Synthetic Generation of Three-Dimensional Cancer Cell Models from Histopathological Images
This addresses the need for accurate 3D models to understand cancer progression for clinical assessment, though it appears incremental as it builds on existing generator-discriminator patterns with domain-specific adaptations.
The paper tackles the problem of generating synthetic 3D cancer cell models from histopathological images, which is prone to errors with classical reconstruction methods. Their proposed framework achieves high-quality synthesis, as evidenced by low Fréchet-Inception scores in comparative evaluations.
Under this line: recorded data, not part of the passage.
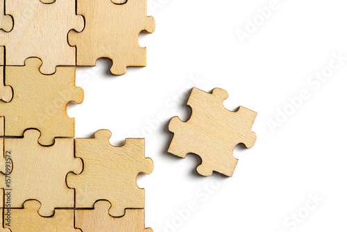 © Hasim Ramle, Obraz premium incomplete puzzle pieces, with seperated final pieces. Work and business concept with white background.
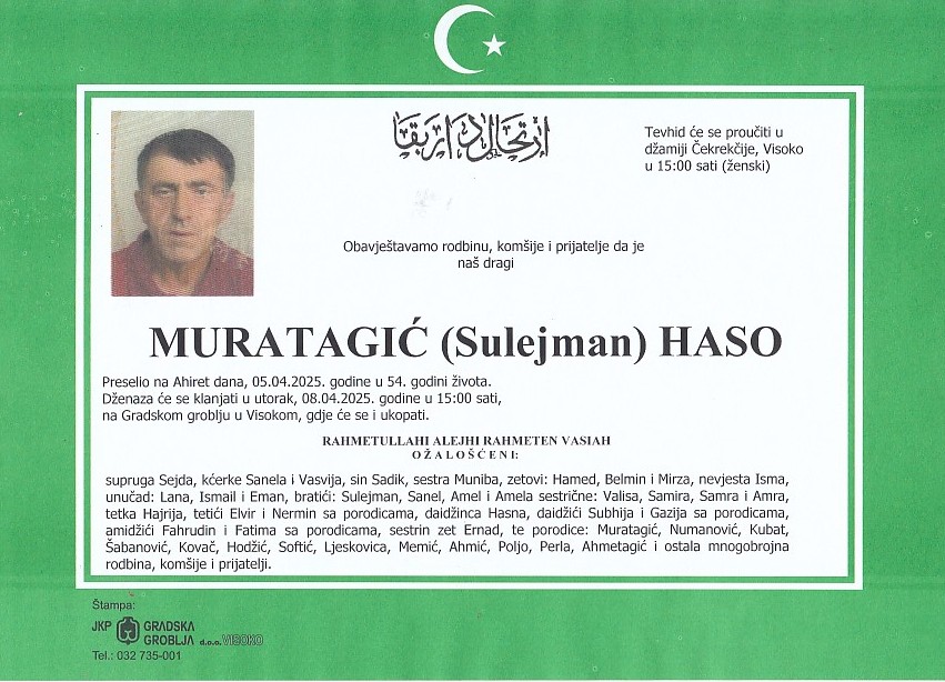 MURATAGIĆ (Sulejman) HASO 08.04.2025. godine u 15:00 sati
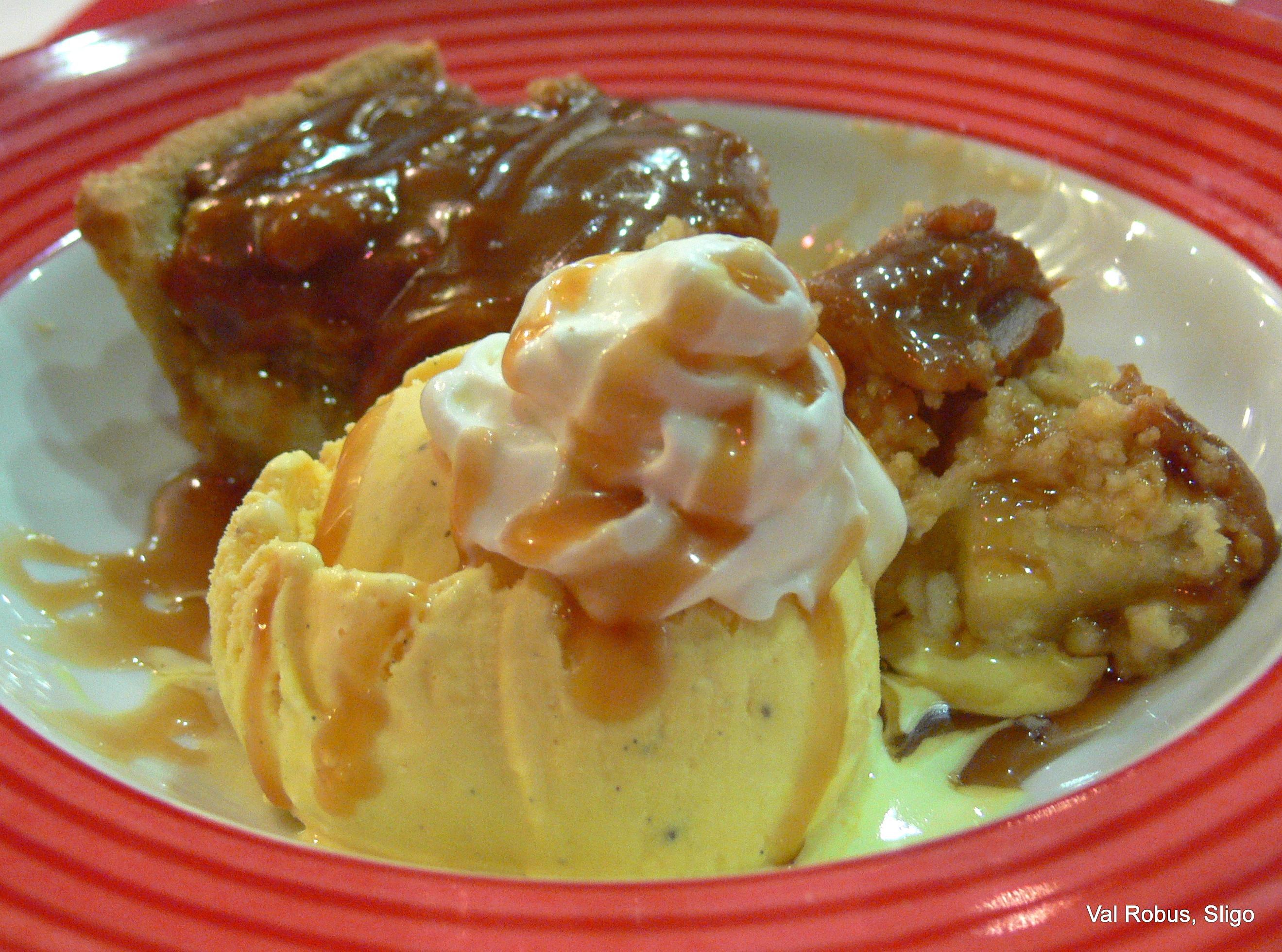 Lucy had pasta for her main course and caramel apple pie for her dessert (of course I had to try a bit!)

Synthetic generation of three-dimensional cell models from histopathological images aims to enhance understanding of cell mutation, and progression of cancer, necessary for clinical assessment and optimal treatment. Classical reconstruction algorithms based on image registration of consecutive slides of stained tissues are prone to errors and often not suitable for the training of three-dimensional segmentation algorithms. We propose a novel framework to generate synthetic three-dimensional histological models based on a generator-discriminator pattern optimizing constrained features that construct a 3D model via a Blender interface exploiting smooth shape continuity typical for biological specimens. To capture the spatial context of entire cell clusters we deploy a novel deep topology transformer that implements and attention mechanism on cell group images to extract features for the frozen feature decoder. The proposed algorithms achieves high quantitative and qualitative synthesis evident in comparative evaluation metrics such as a low Frechet-Inception scores.